5. Get a proper bike fit
Frodeno’s key advice
“The most important thing is to get a bike fit, because finding your optimum aero position will actually make you go faster. I have one fit a year and the position is the same for 70.3 and Ironman.
“The bike is where you spend most time in a race, and even if you’re not 100% after the performance, comfort is key during. It’s a great investment and you only need one until you get a new bike.”
Since he teamed up with his current coach, Frodeno has started to work more with data and watts. “Dan is never at training, so looking at my data online works really well. He can analyse it and I can write down how I experienced the session to get a better picture.
“If you really enjoy dissecting each session then there’s no reason not to use online coaching and software. But in the end, it’s only you or your body that can say this is good – or not. In the race, if your perceived exertion doesn’t match with your numbers, you can’t lose your head over it. Use the numbers, but remember this is a great outdoor sport to be enjoyed.”
AG adaptations
If you’re riding in an aero position that you can’t sustain, then that isn’t going to be your fastest set-up. At the same time, a comfortable position can be improved with a bike fitter in order to get some ‘free speed’. It’s a balance that can be reached. But as with most of things in triathlon, don’t rush it. Do some research and ask your friends and tri mates for recommendations before you just go to the closest bike fit or the first one you find.
6. Find the right fuel for you and race at your best
Frodeno’s key advice
“In the ITU days I was used to reducing my calories intake to be extra light for running, but I don’t do that anymore. Nowadays, I experiment a lot because I think it’s very individual depending on what you like, ” he says. “If you can eat a pie before going running, well, good for you!

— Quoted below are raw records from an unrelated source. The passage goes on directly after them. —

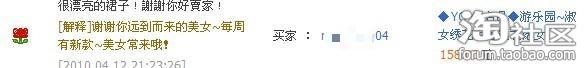 一直没这么静下心来写过一篇贴子,因为本人文采不是很好,是那种言语多过写作的~。我的网店是从2008年开的。一开始是怀孕在家,闲来无事。刚好我一朋友的老公在一个某运动品牌公司里工作。与我和朋友因为觉得闲着也是闲着,就各自开了个网店。从一无所知到现在的两钻的女装店。中间也陆陆续续的停了一段时间。我朋友不搞了。现在只有我一个在坚持着开到现在,有时觉得网店开久了就成了一种习惯和期待,每天大部分时间都交给了网络。不过最近生意不怎么好,一直不温不火。说来也奇怪。晚上大概九点多钟的时候,我旺旺突然响了,我老公一看,是个没信用的。随口来了句。估计是看看的那种。没报多大希望。(我老公不太支持我做这淘宝,总觉得我在浪费时间)我可不依了,不管怎么样,买家上门了,就代表希望来了,就要热情的为买家服务,不管成功与否尽心尽力了,买家总能感觉到,接下来美妙的事情就发生了,不说了,直接上图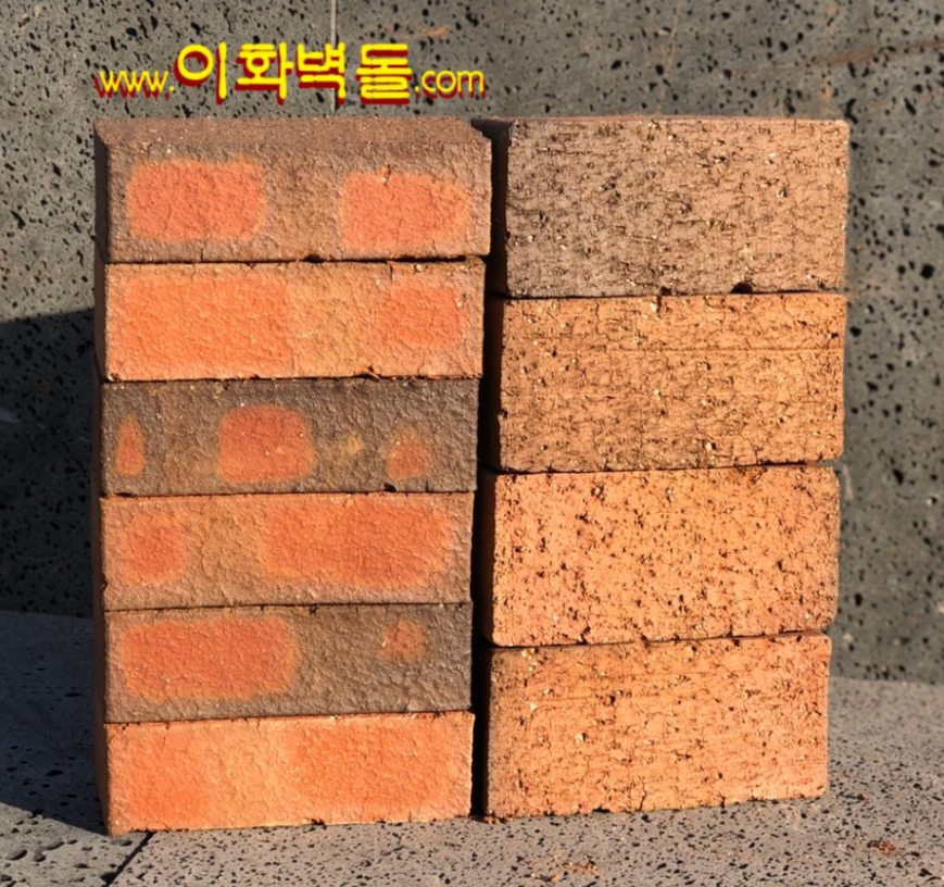 환원벽돌 무공 size : 190x90x57 / 헤배당 75장 1p / 1300장 구멍이 없는 제품으로 바닥에 같이 시공이 가능한 벽돌입니다. 맨 마지막 사진은 환원벽돌과 변색벽돌 2가지 제품 사진입니다.
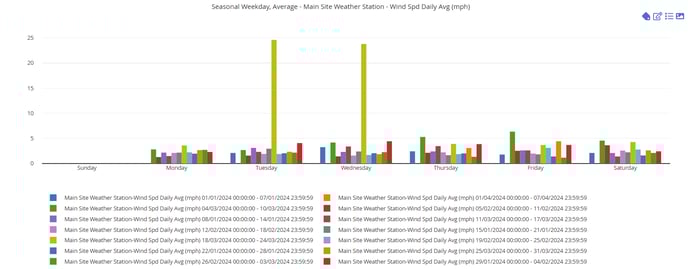 Weekdays - Each series will be a week, and each increment of the x-axis will represent a day of the week. This is useful for more periodic data, such as daily, to observe trends over several weeks.

“In Kona, it’s always hot, and being light in a marathon still helps, but also on the bike it helps to have less kilos.”
On race nutrition, Frodo’s food doesn’t really change for the temperature. “I drink one bottle per hour and I refuel with whatever’s on the course, but I generally just look for water on the course.

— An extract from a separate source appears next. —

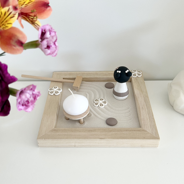Ce jardin zen est composé d'un plateau en bois rempli de sable fin. Il est agrémenté d'un râteau et d'un support de bougie en bois fabriqués à la main en bois, ainsi que d'une poupée kokeshi blanche, de fleurs et de galets modelés à la main, en argile polymère. Des petits patins en feutrine sont collés sous le plateau pour être manipuler sans rayer. Enfin, une bougie est incluse, pour encore plus de détente! Tous les éléments sont à placer selon vos envies sur le plateau, voilà de quoi vous rendre zen et décorer votre intérieur. Ce jardin zen peut être un cadeau original et personnalisé pour vos proches.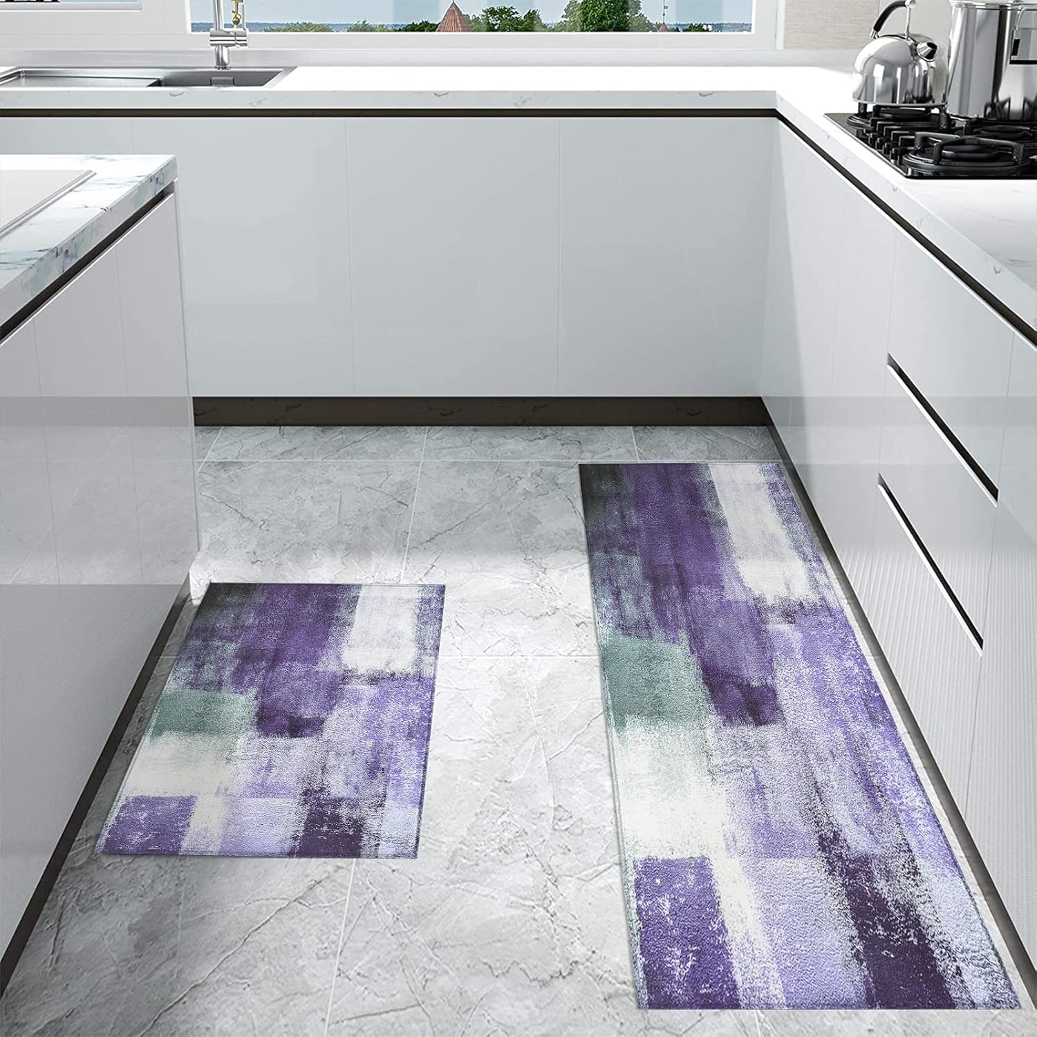 【Versatile Purple Kitchen Accessories】Kitchen floor mats are perfect for kitchen, kitchen & dining room tables, kitchen & dining room chairs, laundry room mat, apartment essentials for first apartment, anti-fatigue mat, living room decor, bedroom decor, bathroom rugs, hallway, house decor, office, patio rug, door mat, welcome mat, sink mat or any other high-traffic area.

“I only have special needs in Hawaii on the run, where I try to get a gel for every aid station, so normally 5 or 6. I use the very diluted gels so I don’t need a lot of water with them and I don’t use solids.”
AG adaptations
The quality of what we eat – and the right amount of macro and micronutrients – is crucial, so it’s worth investing in a nutritionist, even if only for a consultation. The race nutrition plan, on the other hand, is something you have to test in training ahead of the event in order to find the best intake for your body, such as which bars, gels, amount of hydration are needed.
7. Do active recovery to boost post-race repair
Frodeno’s key advice
“In Ironman racing most of the strain is mental, so I try to recover my mind first and have a beer with friends, just to relax. I also have a protein shake straight after the race.”

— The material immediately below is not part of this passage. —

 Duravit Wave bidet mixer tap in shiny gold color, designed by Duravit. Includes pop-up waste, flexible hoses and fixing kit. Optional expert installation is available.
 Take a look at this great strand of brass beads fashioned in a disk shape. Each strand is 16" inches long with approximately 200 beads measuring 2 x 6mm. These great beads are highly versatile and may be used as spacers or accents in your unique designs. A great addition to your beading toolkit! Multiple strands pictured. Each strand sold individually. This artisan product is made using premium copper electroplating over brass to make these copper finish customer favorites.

“The day after, I try to do some active recovery, like a swim, because if you don’t move after an Ironman it’s the worst thing you can do.”
Physiotherapy is also crucial in order to prevent injuries and treat them when they occur. Since moving from ITU, Frodeno works with a personal physio. That, and the less high-intensity workouts, says Frodeno, help him to manage his injuries better.
“The intensity from the shorter distance hurts more and puts a lot more stress on the body, so, all in all, I’m healthier than I’ve ever been.”
AG adaptations
Don’t forget to include both the recovery sessions and the actual recovery, i.e. rest days and hours of sleep. In order to get fitter, faster and stronger, your body actually needs to recover from the fatigue. One day of recovery or light activity a week, one week of less load a month, and a month a year dedicated to other activities, can really boost your performance and help you avoid over-training.